Exercise prompt
Without pictures, return the lines from the one containing "This template was" through the last line of the data below, exactly.

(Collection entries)
-- Opening Marker --

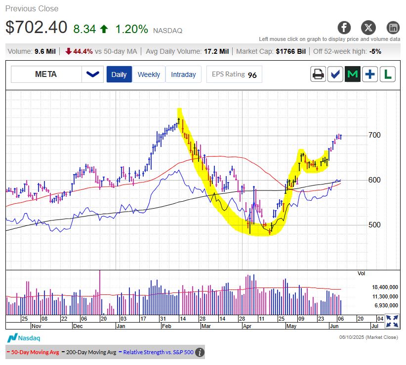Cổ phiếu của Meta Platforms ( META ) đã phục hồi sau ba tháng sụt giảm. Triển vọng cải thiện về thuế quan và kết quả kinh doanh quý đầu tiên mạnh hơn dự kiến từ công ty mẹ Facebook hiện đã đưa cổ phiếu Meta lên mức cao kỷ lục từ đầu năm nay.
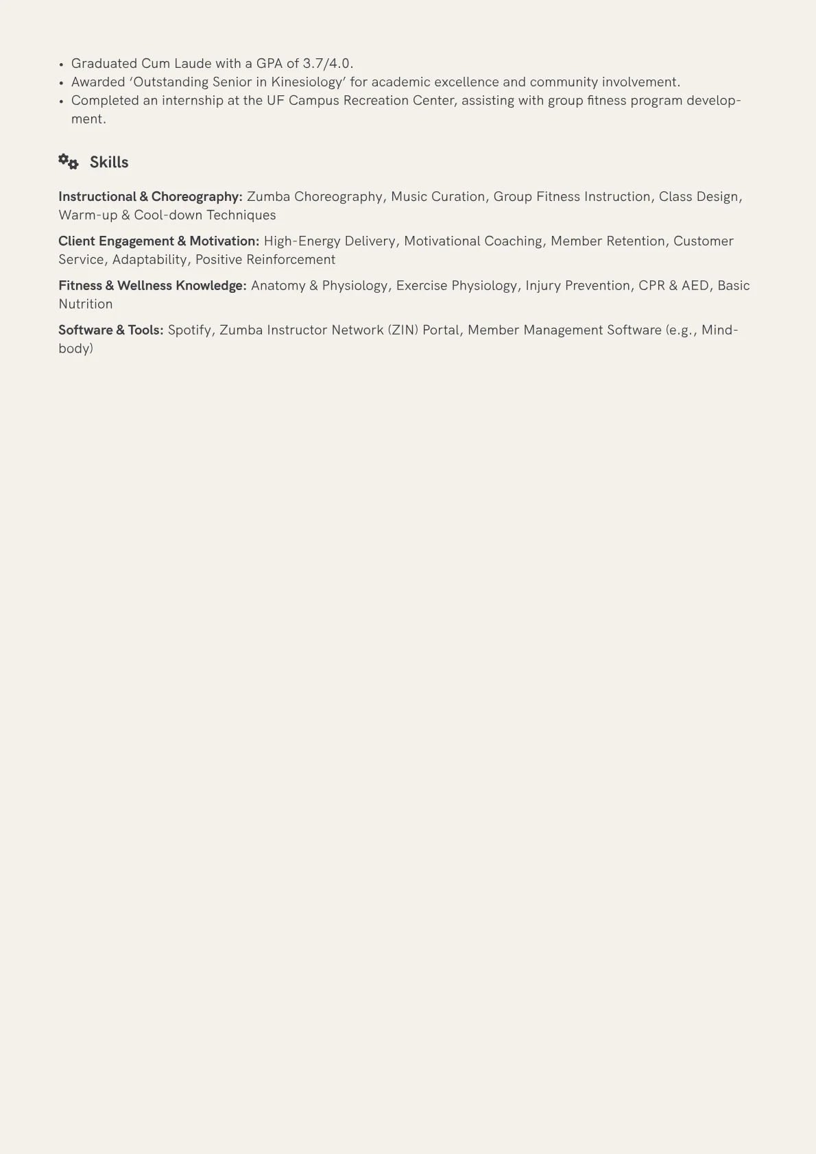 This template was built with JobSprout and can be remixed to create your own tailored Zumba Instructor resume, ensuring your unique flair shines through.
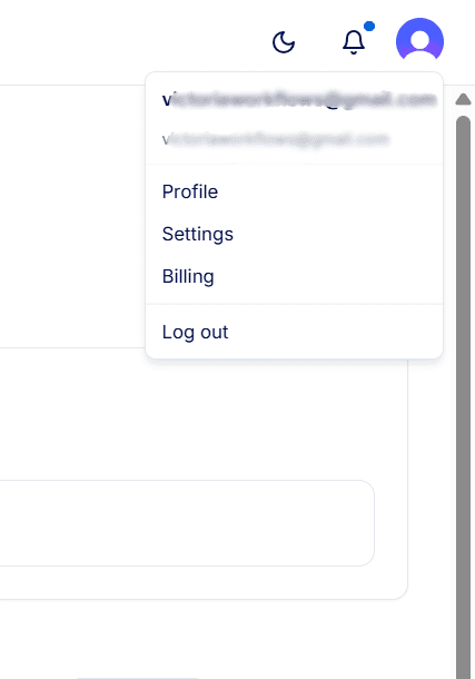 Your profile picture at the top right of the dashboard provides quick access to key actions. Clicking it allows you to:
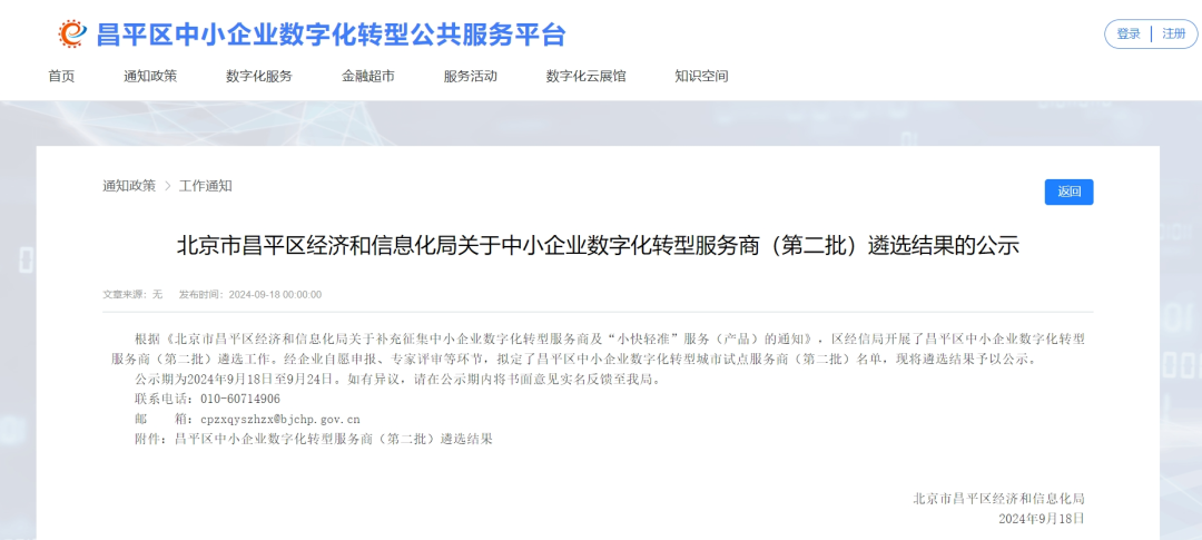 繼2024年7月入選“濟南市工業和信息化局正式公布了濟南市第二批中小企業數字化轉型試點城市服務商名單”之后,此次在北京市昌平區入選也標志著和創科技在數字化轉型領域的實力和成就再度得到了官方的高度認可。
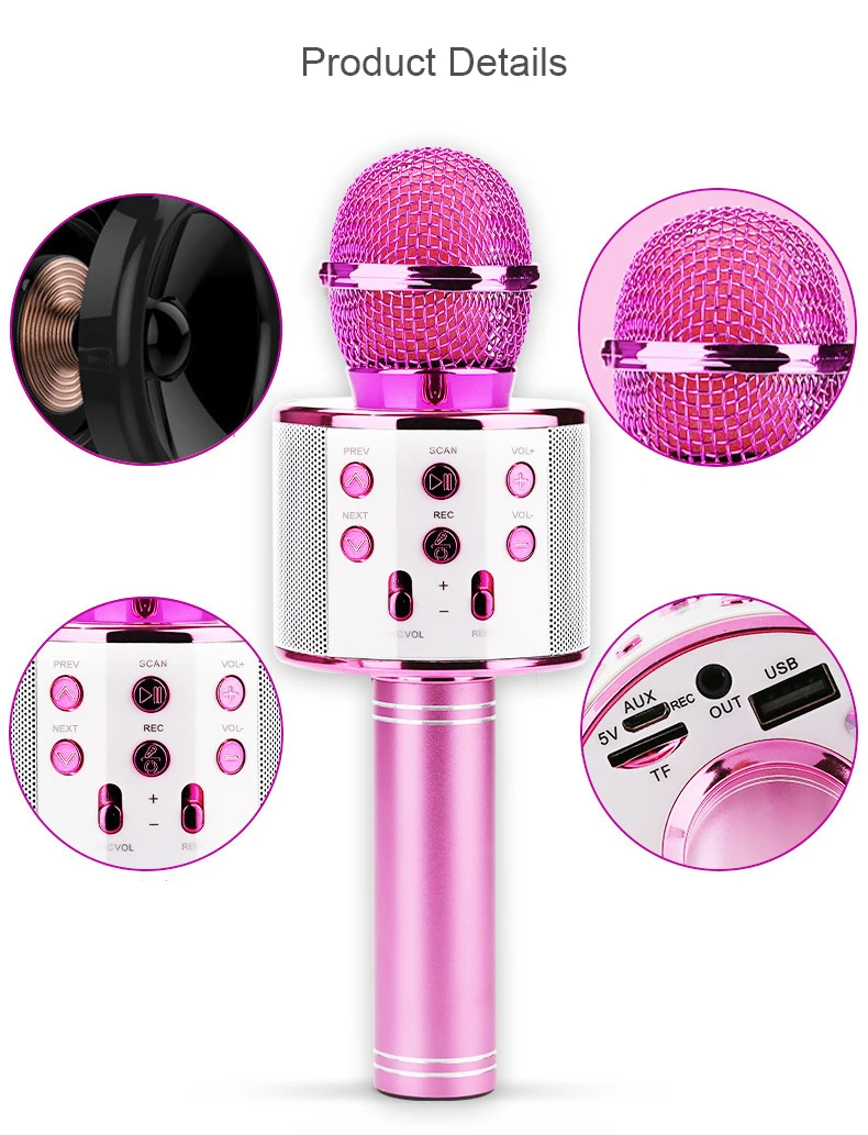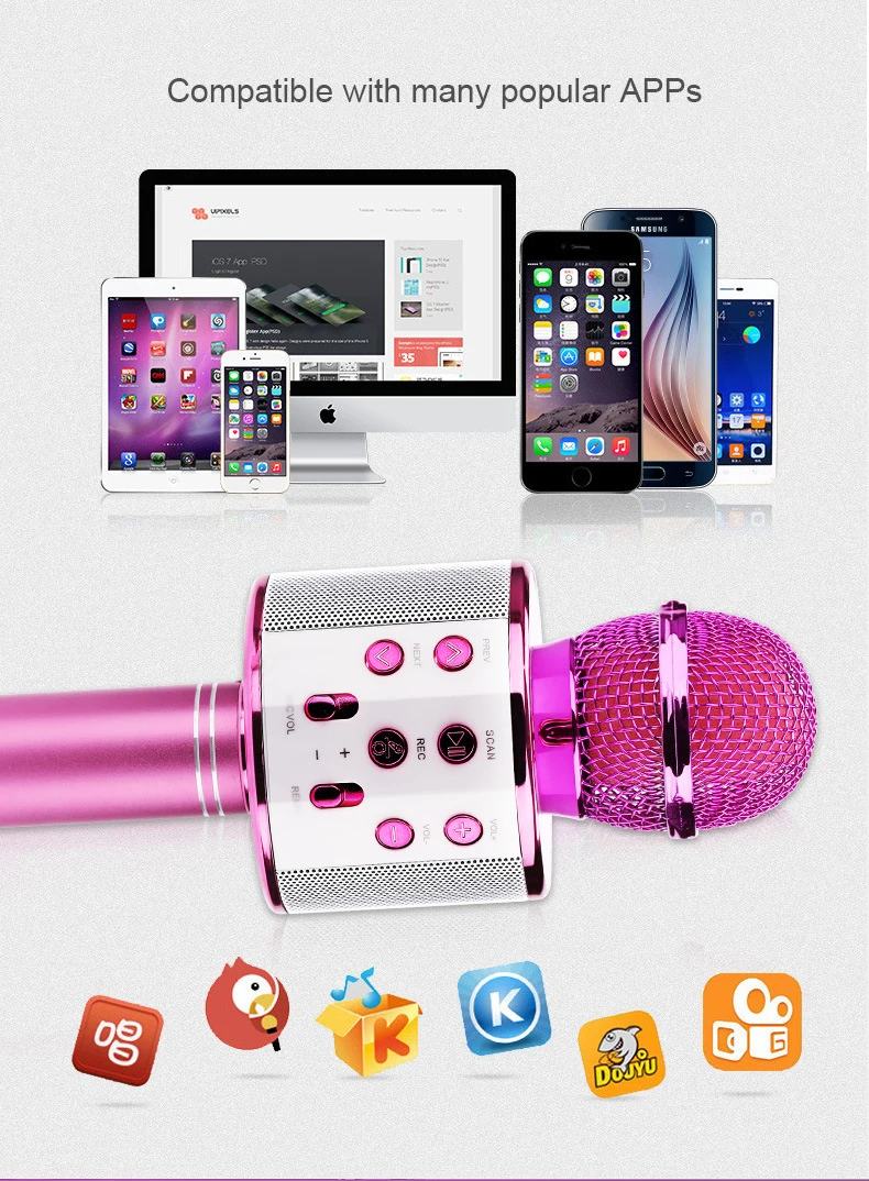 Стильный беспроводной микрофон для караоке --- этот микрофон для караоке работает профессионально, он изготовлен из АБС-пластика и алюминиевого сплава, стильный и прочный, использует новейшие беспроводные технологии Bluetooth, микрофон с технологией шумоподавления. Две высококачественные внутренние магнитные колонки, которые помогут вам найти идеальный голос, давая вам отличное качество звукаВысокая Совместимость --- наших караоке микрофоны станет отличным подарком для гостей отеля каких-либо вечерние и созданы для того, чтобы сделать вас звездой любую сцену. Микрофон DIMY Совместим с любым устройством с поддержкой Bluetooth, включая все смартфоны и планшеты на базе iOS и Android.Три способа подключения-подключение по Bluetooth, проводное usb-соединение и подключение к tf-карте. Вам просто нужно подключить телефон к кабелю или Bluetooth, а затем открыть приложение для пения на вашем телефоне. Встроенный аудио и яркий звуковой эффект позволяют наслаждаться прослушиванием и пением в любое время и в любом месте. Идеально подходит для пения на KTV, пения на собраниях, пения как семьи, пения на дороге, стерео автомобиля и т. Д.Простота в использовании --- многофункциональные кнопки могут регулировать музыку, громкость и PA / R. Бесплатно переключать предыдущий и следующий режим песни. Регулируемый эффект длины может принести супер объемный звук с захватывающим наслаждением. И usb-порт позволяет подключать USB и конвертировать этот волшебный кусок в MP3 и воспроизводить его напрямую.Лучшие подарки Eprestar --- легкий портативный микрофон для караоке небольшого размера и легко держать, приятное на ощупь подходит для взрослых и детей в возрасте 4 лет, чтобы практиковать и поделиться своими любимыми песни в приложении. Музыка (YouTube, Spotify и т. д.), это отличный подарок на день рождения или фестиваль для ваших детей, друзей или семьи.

-- Closing Marker --

Exercise answer
 This template was built with JobSprout and can be remixed to create your own tailored Zumba Instructor resume, ensuring your unique flair shines through.
 Your profile picture at the top right of the dashboard provides quick access to key actions. Clicking it allows you to:
 繼2024年7月入選“濟南市工業和信息化局正式公布了濟南市第二批中小企業數字化轉型試點城市服務商名單”之后,此次在北京市昌平區入選也標志著和創科技在數字化轉型領域的實力和成就再度得到了官方的高度認可。
 Стильный беспроводной микрофон для караоке --- этот микрофон для караоке работает профессионально, он изготовлен из АБС-пластика и алюминиевого сплава, стильный и прочный, использует новейшие беспроводные технологии Bluetooth, микрофон с технологией шумоподавления. Две высококачественные внутренние магнитные колонки, которые помогут вам найти идеальный голос, давая вам отличное качество звукаВысокая Совместимость --- наших караоке микрофоны станет отличным подарком для гостей отеля каких-либо вечерние и созданы для того, чтобы сделать вас звездой любую сцену. Микрофон DIMY Совместим с любым устройством с поддержкой Bluetooth, включая все смартфоны и планшеты на базе iOS и Android.Три способа подключения-подключение по Bluetooth, проводное usb-соединение и подключение к tf-карте. Вам просто нужно подключить телефон к кабелю или Bluetooth, а затем открыть приложение для пения на вашем телефоне. Встроенный аудио и яркий звуковой эффект позволяют наслаждаться прослушиванием и пением в любое время и в любом месте. Идеально подходит для пения на KTV, пения на собраниях, пения как семьи, пения на дороге, стерео автомобиля и т. Д.Простота в использовании --- многофункциональные кнопки могут регулировать музыку, громкость и PA / R. Бесплатно переключать предыдущий и следующий режим песни. Регулируемый эффект длины может принести супер объемный звук с захватывающим наслаждением. И usb-порт позволяет подключать USB и конвертировать этот волшебный кусок в MP3 и воспроизводить его напрямую.Лучшие подарки Eprestar --- легкий портативный микрофон для караоке небольшого размера и легко держать, приятное на ощупь подходит для взрослых и детей в возрасте 4 лет, чтобы практиковать и поделиться своими любимыми песни в приложении. Музыка (YouTube, Spotify и т. д.), это отличный подарок на день рождения или фестиваль для ваших детей, друзей или семьи.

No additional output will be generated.